The Disney subsidiary Buena Vista shows up frequently in the top ten, as do Fox and Warner Brothers. Which studios will appear most frequently if we look among all 200 rows?

To figure this out, first notice that all we need is a table with the movies and the studios; the other information is unnecessary.

```
movies_and_studios = top.select('Title', 'Studio')
```

The Table method `group`

allows us to count how frequently each studio appears in the table, by calling each studio a category and assigning each row to one category. The `group`

method takes as its argument the label of the column that contains the categories, and returns a table of counts of rows in each category. The column of counts is always called `count`

, but you can change that if you like by using `relabeled`

.

```
movies_and_studios.group('Studio')
```

Thus `group`

creates a distribution table that shows how the movies are distributed among the categories (studios).

We can now use this table, along with the graphing skills that we acquired above, to draw a bar chart that shows which studios are most frequent among the 200 highest grossing movies.

```
studio_distribution = movies_and_studios.group('Studio')
studio_distribution.sort('count', descending=True).barh('Studio')
```

Warner Brothers and Buena Vista are the most common studios among the top 200 movies.
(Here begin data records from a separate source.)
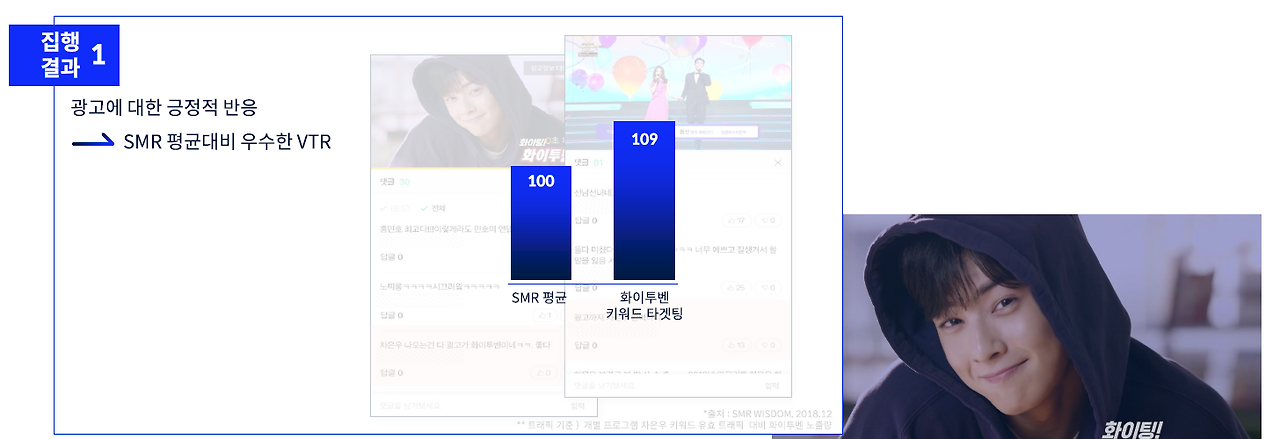 모 제약 브랜드의 광고 모델은 얼굴 천재 차은우였습니다. 이 브랜드는 차은우라는 인물 키워드와, 건강, 날씨와 같은 일반 키워드 타겟팅을 병행했습니다. 특히 차은우가 등장하는 쇼, 예능 프로그램의 인벤토리를 아주 높은 수준으로 점유할 수 있었습니다. 간단히 표현하면 이런 거죠. 클립 썸네일에 차은우가 있어서 눌렀는데, 광고부터 차은우가 등장합니다. 콘텐츠와 광고가 끈끈하게 조합됐을 때, VTR의 상승을 확인할 수 있었고, 영상의 댓글창에서도 브랜드를 긍정적으로 언급하는 사례가 크게 늘어났습니다.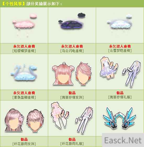 活动期间,购买角色经验卡+600,获赠:个性风筝,开启有5.6%-7.7%几率获得:永久双人座椅【轻樱蝶梦座椅】/【乌云闪电座椅】/【云雪梦呓座椅】/【素袅盈卿座椅】、极品【瑰丽抒情发饰/礼服】、【纤花薇雨发饰/礼服】或其他奖励之一!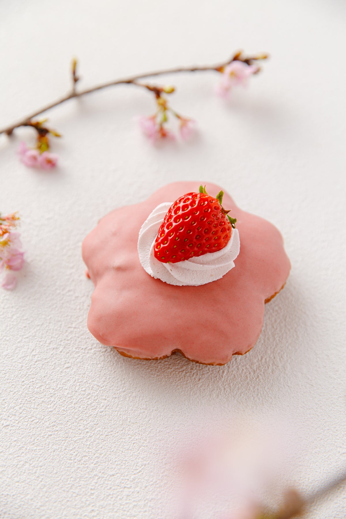 いちごチョコをコーティングした桜型ドーナツに、なめらかな苺クリームを絞り、仕上げにフレッシュ苺を丸ごとトッピング。ひとくち頬ばれば甘酸っぱい果実感が広がる、春の主役ドーナツです。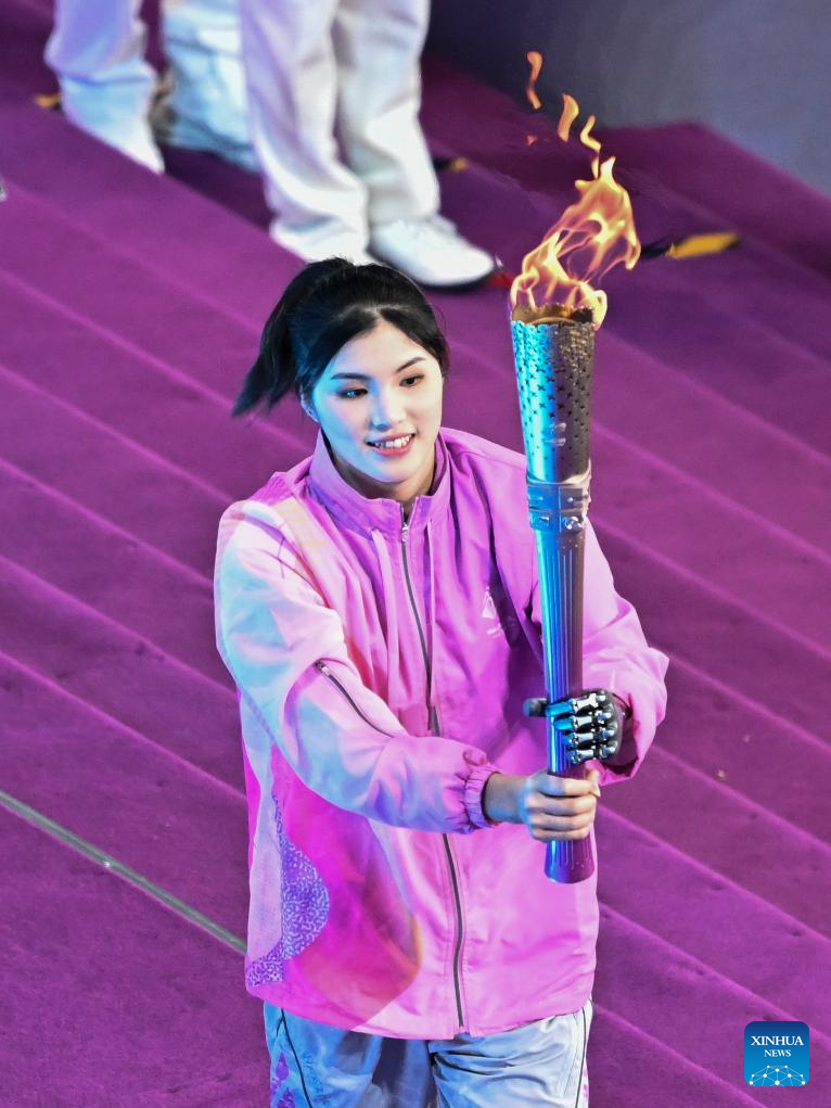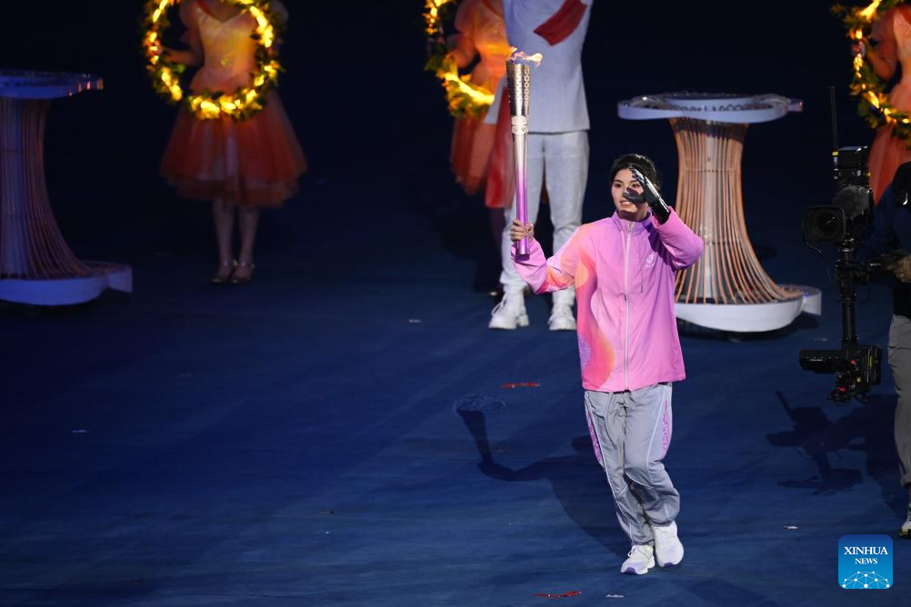 Torch bearer Xu Jialing relays the torch during the opening ceremony of the 4th Asian Para Games in Hangzhou of east China's Zhejiang Province, on Oct. 22, 2023. (Xinhua/Bei He)

Warner Brothers produces the Harry Potter movies and Buena Vista produces Star Wars.

Because total gross receipts are being measured in unadjusted dollars, it is not very surprising that the top movies are more frequently from recent years than from bygone decades. In absolute terms, movie tickets cost more now than they used to, and thus gross receipts are higher. This is borne out by a bar chart that show the distribution of the 200 movies by year of release.

```
movies_and_years = top.select('Title', 'Year')
movies_and_years.group('Year').sort('count', descending=True).barh('Year')
```

All of the longest bars correspond to years after 2000. This is consistent with our observation that recent years should be among the most frequent.

### Towards numerical variables¶

There is something unsettling about this chart. Though it does answer the question of which release years appear most frequently among the 200 top grossing movies, it doesn't list all the years in chronological order. It is treating `Year`

as a categorical variable.

But years are fixed chronological units that do have an order. They also have fixed numerical spacings relative to each other. Let's see what happens when we try to take that into account.

By default, `barh`

sorts the categories (years) from lowest to highest. So we will run the code without sorting by count.

```
movies_and_years.group('Year').barh('Year')
```

Now the years are in increasing order. But there is still something disquieting about this bar chart. The bars at 1921 and 1937 are just as far apart from each other as the bars at 1937 and 1939. The bar chart doesn't show that none of the 200 movies were released in the years 1922 through 1936, nor in 1938. Such inconsistencies and omissions make the distribution in the early years hard to understand based on this visualization.

Bar charts are intended as visualizations of categorical variables. When the variable is numerical, the numerical relations between its values have to be taken into account when we create visualizations. That is the topic of the next section.